Воистину, покидать Деревню было очень опасно.
Но прежде чем отвезти меня в безопасное место, дед подъехал к собственному дому в Рехавии и наказал мне ждать внизу. Через некоторое время он вернулся с огромной сумкой, полной съестного, наготовленного бабушкой Сарой для завтрашнего семейного обеда. А раз я не остаюсь в гостях у тети Жени, чтобы я не умерла с голоду, я возьму все это с собой в общагу, а бабушка завтра заново все приготовит для трапезы в кругу семьи, от которой я опять отказалась во имя не пойми чего.
Дед Илья высадил меня у ворот Деревни, крепко обнял и заявил, что я непредсказуемая, как моя мама, и это прозвучало как комплимент, а не как упрек.

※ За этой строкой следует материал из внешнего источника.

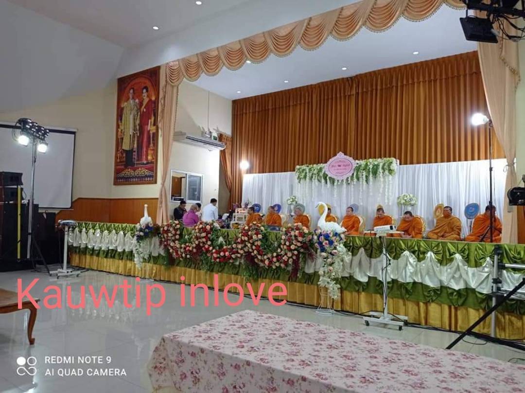 1. ฉากผ้าพิธีสงฆ์ 6- 9 เมตร สีครีมทองที่ทางร้านมี (ไม่ใช่โครงเหล็กโรยผ้า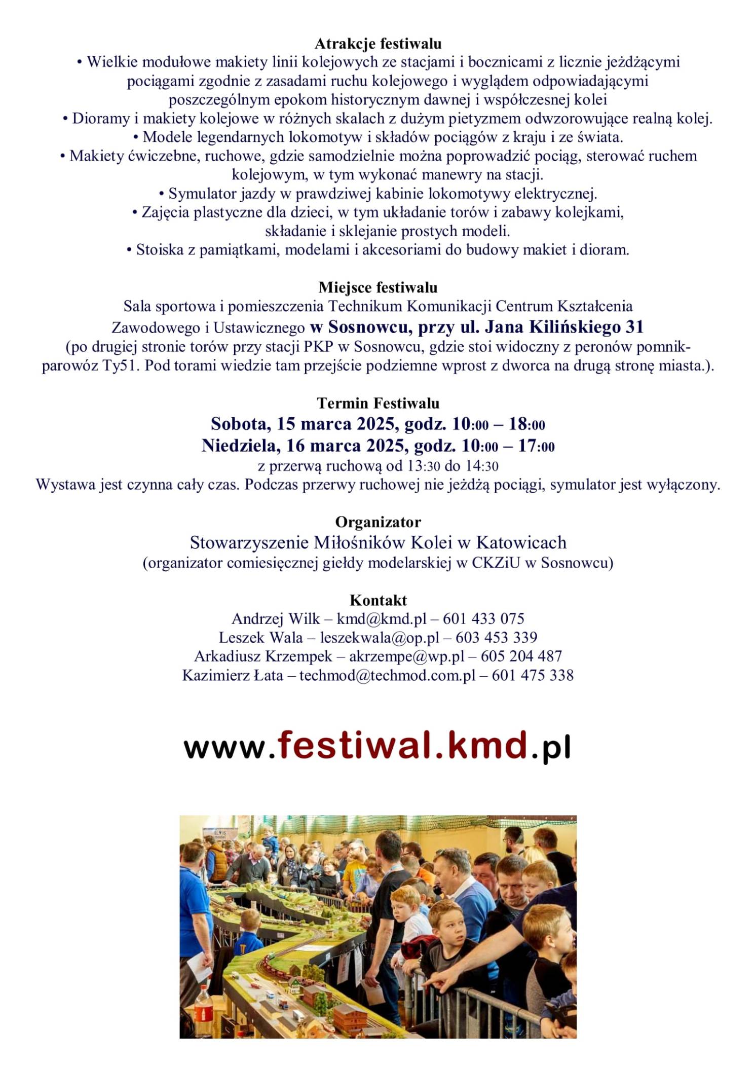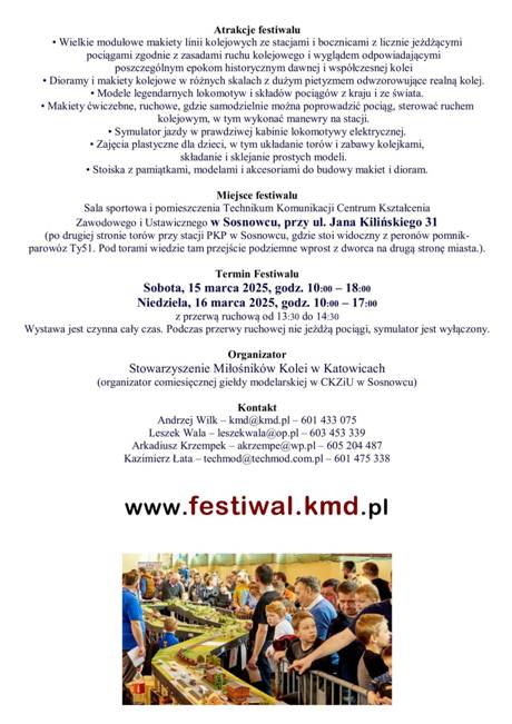 Również podobnie, jak w latach poprzednich, namiastka Festiwalu – makieta kolejowa będzie jedną z atrakcji podczas Dnia Otwartego Tramwajów Śląskich, który w 2025 roku odbędzie się 20 września w Zajezdni Tramwajowej w Chorzowie.DB Cargo Polska S.A.jest także stałym partnerem wydarzenia Festiwal „KOLEJ W MINIATURZE”. Na jego firmowym stoisku można było odbyć wirtualną podróż (w Goglach Rzeczywistości Rozszerzonej VR) po fantastycznym, kolejowym świecie DB Cargo.

Сонный охранник, ворча, вышел из будки, но впускать меня не захотел, потому что это было из ряда вон выходящим событием – возвращаться в интернат посреди субботней ночи в свободные выходные, и никакие уговоры не помогали – он вызовет моего мадриха. Я его умоляла, чтобы он мадриха не вызывал, потому что у мадриха выходной и зачем его тревожить. Но кто же меня послушает?
Непреклонный служитель идиотского порядка вернулся в будку, набрал номер, и через несколько минут к воротам подошел Тенгиз, который знавал лучшие времена и казался усталым, злым и небритым.

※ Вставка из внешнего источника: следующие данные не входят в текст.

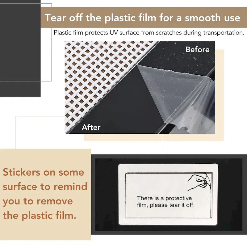 - NoticeThe plastic film for protecting UV from scratches should be teared off before put into use. If there is light dust on the edge, it can be wiped with a wet rag.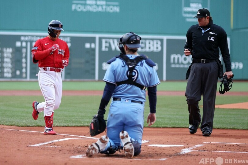 【5月5日 AFPBB News】米大リーグ(MLB)は4日、各地で試合が行われ、ボストン・レッドソックス(Boston Red Sox)の吉田正尚(Masataka Yoshida)はトロント・ブルージェイズ(Toronto Blue Jays)戦に2番・左翼で先発出場し、初回の第1打席に先制の中越え6号ソロ本塁打を放った。これで14試合連続安打とすると、2回の第2打席、4回の第3打席にも適時打を放ち、この日は5打数3安打。レッドソックスは11-5で勝利した。(c)AFPBB News
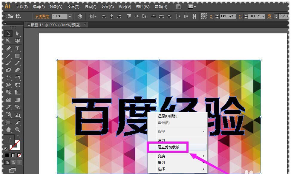 8、此时,小伙伴们再右击一下鼠标,在出现的列表面板上点击选中”建立剪切蒙版“的选项。
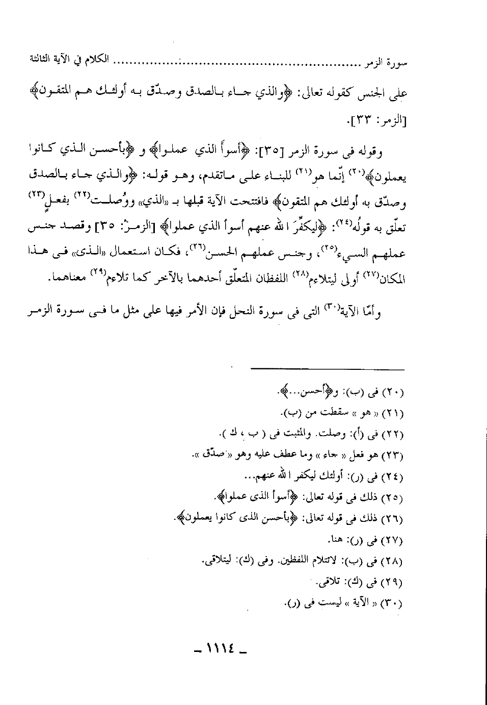 وقوله فى سورة الزمر: (أَسْوَأَ الَّذِي عَمِلُوا) و (بِأَحْسَنِ الَّذِي كَانُوا يَعْمَلُونَ) إنّما هو للبناء على م اتقدم، وهو قوله: (وَالَّذِي جَاءَ بِالصِّدْقِ وَصَدَّقَ بِهِ أُولَئِكَ هُمُ الْمُتَّقُونَ (33)

Тенгиз неприветливо помахал моему деду, стоявшему по ту сторону забора, а дед тоже попросился войти вовнутрь, чтобы помочь мне донести сумку, набитую коробками, банками и склянками, и мой рюкзак, но охранник опять воспротивился, потому что чужих взрослых, даже если они являлись дедушками учениц, впускать тем более не полагалось без разрешения начальства, пускай хотя бы Фридмана, а Тенгиз начальством не являлся.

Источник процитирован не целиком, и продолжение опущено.